The contact zone of the ER and mitochondria was recently identified as a hotspot for several cellular quality control processes, such as the degradation of membrane-bound proteins by Ubx2-dependent ER- and mitochondria-associated degradation (Mårtensson et al, 2019; Metzger et al, 2020; Schulte et al, 2023), the formation of autophagosome membranes (Böckler and Westermann, 2014) or the formation of membrane-bound protein aggregates (Grassi et al, 2018; Volgyi et al, 2015; Zhou et al, 2014). It will be exciting to dissect the molecular steps in more detail by which the ER surface promotes the biogenesis of mitochondrial precursor proteins in the future.

Methods

Strains and growth conditions

The yeast strains and plasmids used in this study are described in detail in Tables EV1, EV2, respectively. Unless specified, all strains were derived from YPH499 (MATa ura3 lys2 ade2 trp1 his3 leu2).

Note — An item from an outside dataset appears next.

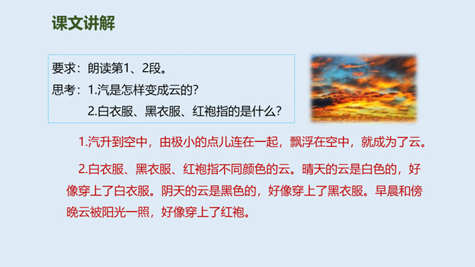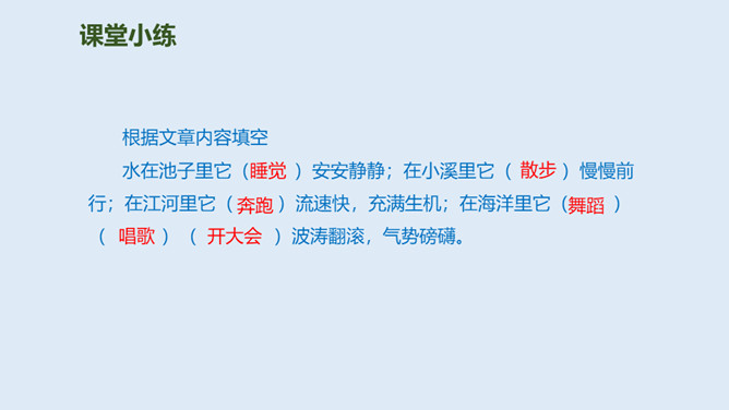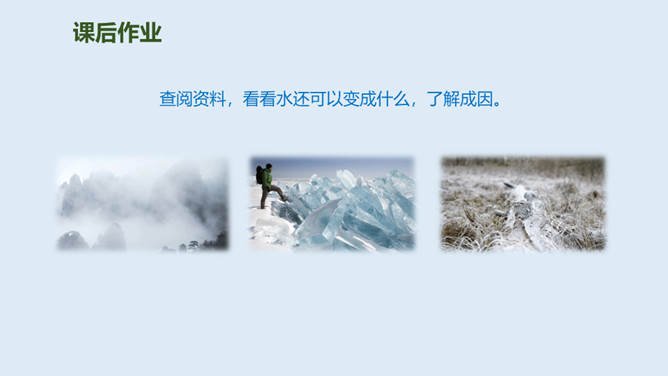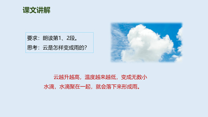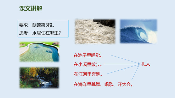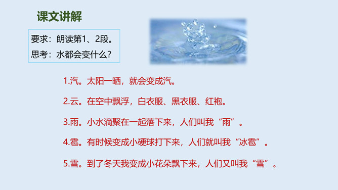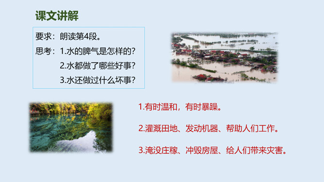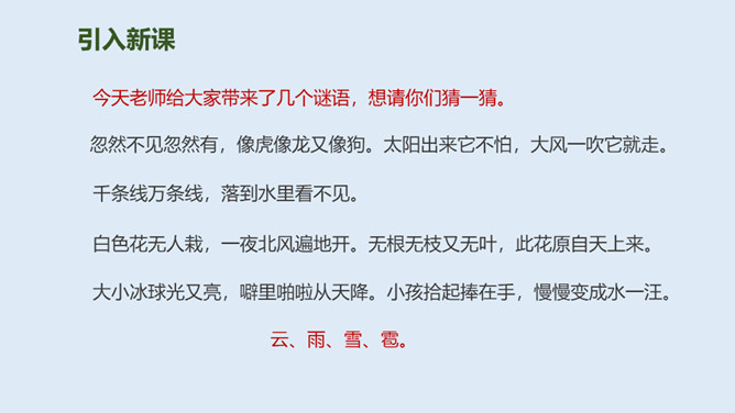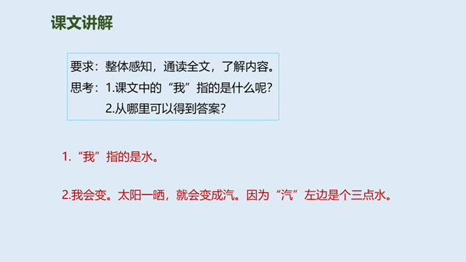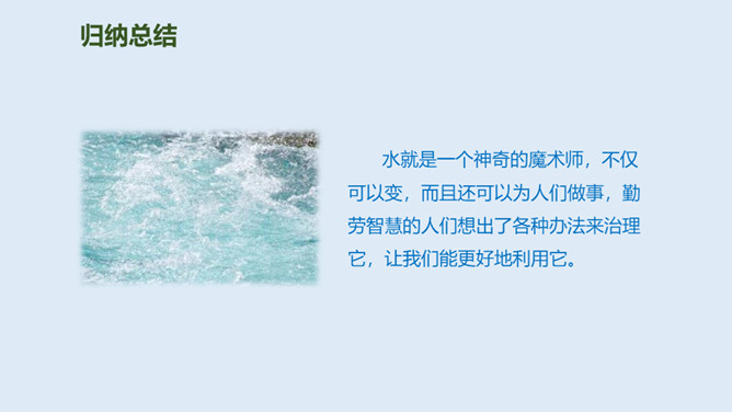 引入新课:今天老师给大家带来了几个谜语,想请你们猜一猜。忽然不见忽然有,像虎像龙又像狗。太阳出来它不怕,大风一吹它就走。白色花无人栽,一夜北风遍地开。无根无枝又无叶,此花原自天上来。要求:整体感知,通读全文,了解内容。思考:1.课文中的“我”指的是什么呢?2.从哪里可以得到答案?水就是一个神奇的魔术师,不仅可以变,而且还可以为人们做事,勤劳智慧的人们想出了各种办法来治理它,让我们能更好地利用它。所属专题:我是什么ppt。

The strains were grown at 30 °C either in yeast complete medium (YP) containing 1% (w/v) yeast extract, 2% (w/v) peptone, and 2% (w/v) of the respective carbon source or in minimal synthetic medium containing 0.67% (w/v) yeast nitrogen base and 2% (w/v) of the respective carbon source. To induce expression of the gRNA for CRISPRi 960 ng/ml or 240 ng/ml (for microscopic experiments), ATc was added unless indicated otherwise. For induction of GAL1, 0.5% galactose was added to the medium, or cells were pelleted and resuspended in a galactose-containing medium.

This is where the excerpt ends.